I am grateful to Glenn Rowley and Lawrence Ingvarson for taking the time to comment on my paper on teacher effectiveness, but feel that I should correct them on three points. First, my study explicitly adjusted for measurement error, so the conclusion that the most effective ten percent of teachers can teach in half a year what the least effective ten percent can teach in a year is based on substantive differences, not luck. Second, measuring teacher effectiveness with biennial data is not impossible – just more difficult. As my results show, different approaches to this problem do not substantially alter the results. Third, while Rowley and Ingvarson reject merit pay in favour of rewards for “professional standards”, they omit to mention that my results (in common with other value-added studies) have found that teachers with a Masters degree are no more effective in raising students’ test scores.
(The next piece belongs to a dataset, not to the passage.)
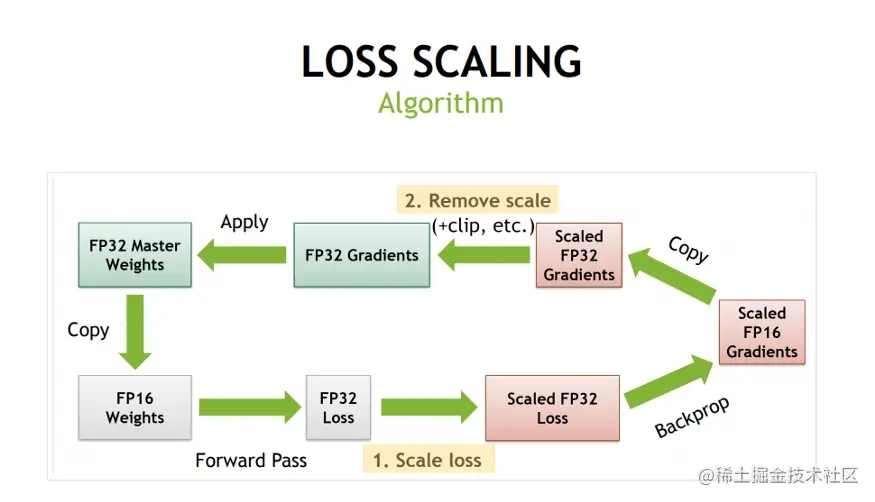 - 使用损失缩放 为了保留小的梯度值。梯度值可能落在FP16的范围之外。在这种情况下,梯度值被缩放,使它们落在FP16范围内。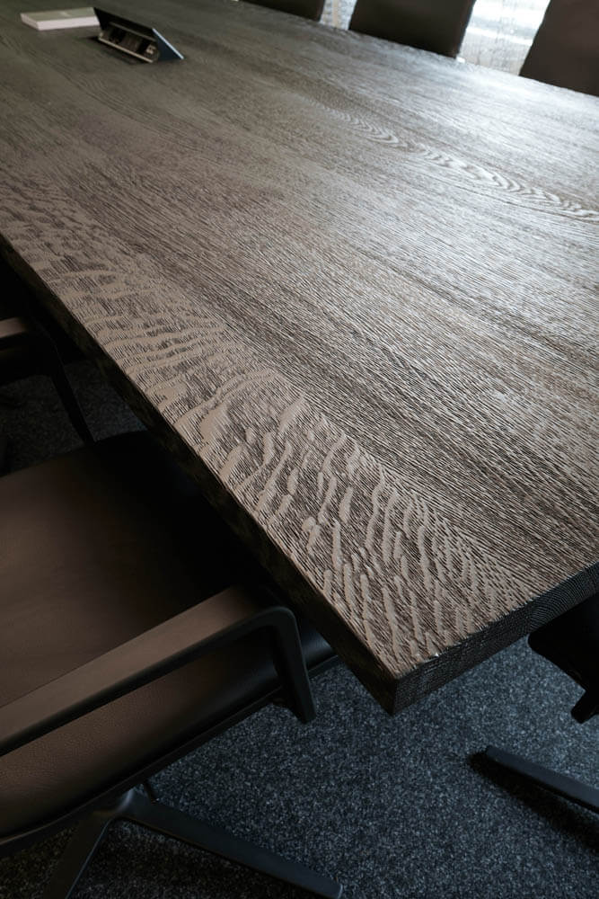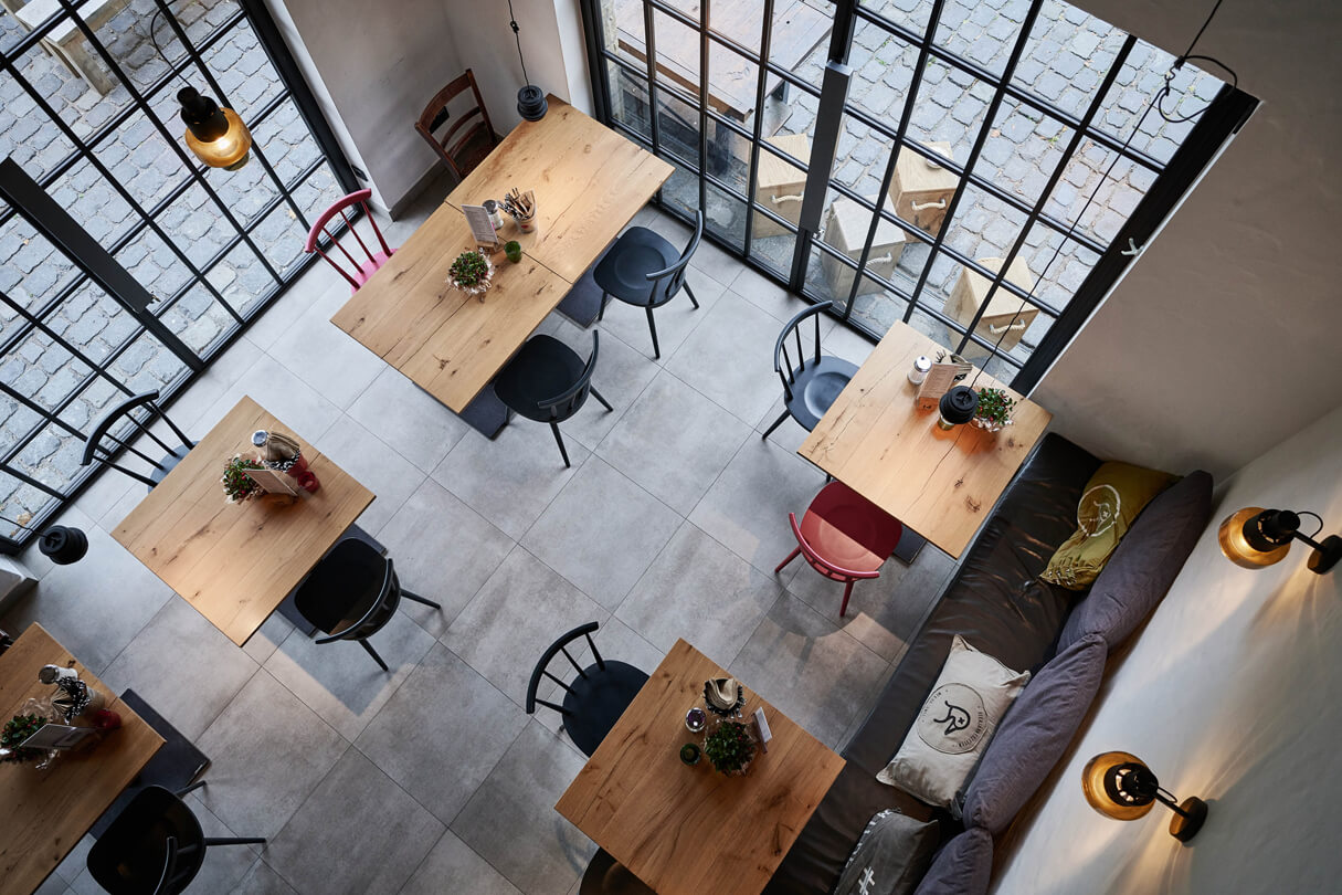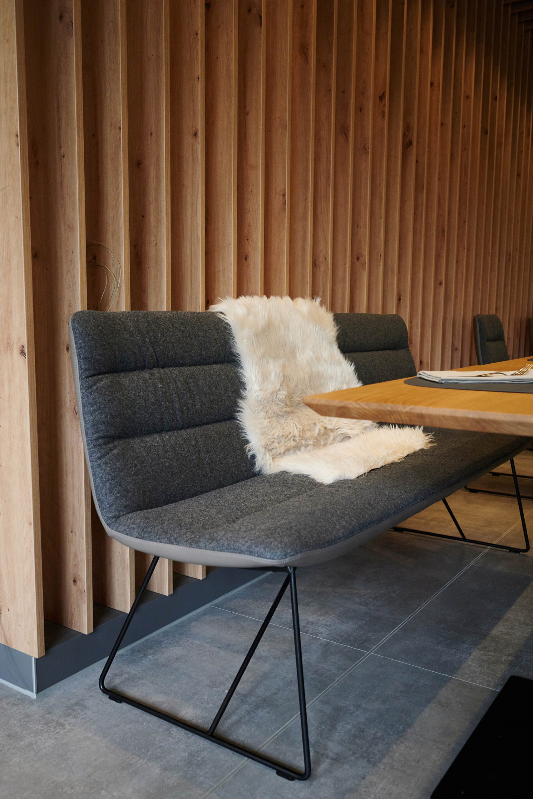 Die Tische aus Eiche sind als Sonderanfertigung über Scholtissek gefertigt, Bänke und Stühle von KFF, Ava light. Foto: interieur-hotel-fotografie

No merit pay scheme will ever be perfect, but promising results are emerging from places as diverse as Arkansas, London and Tel Aviv. Rather than blocking all attempts at measuring teacher effectiveness, shouldn’t we be open to experimenting with various salary models in different schools, putting the various claims about performance pay to the test?

Dr Andrew Leigh
Australian National University

This entry was posted in Economics of Education. Bookmark the permalink.

18 Responses to Debating the merits of merit pay

  1. Kevin Cox says:

    By all means run some trials with volunteers. That is, allow people to agree to be assessed on their effectiveness through measuring of performance of students. You will get many teachers agreeing if their pay cannot drop and if it is agreed that the records of teacher performance are private to the teacher and are not available for any other purpose and will be destroyed if the teacher so desires.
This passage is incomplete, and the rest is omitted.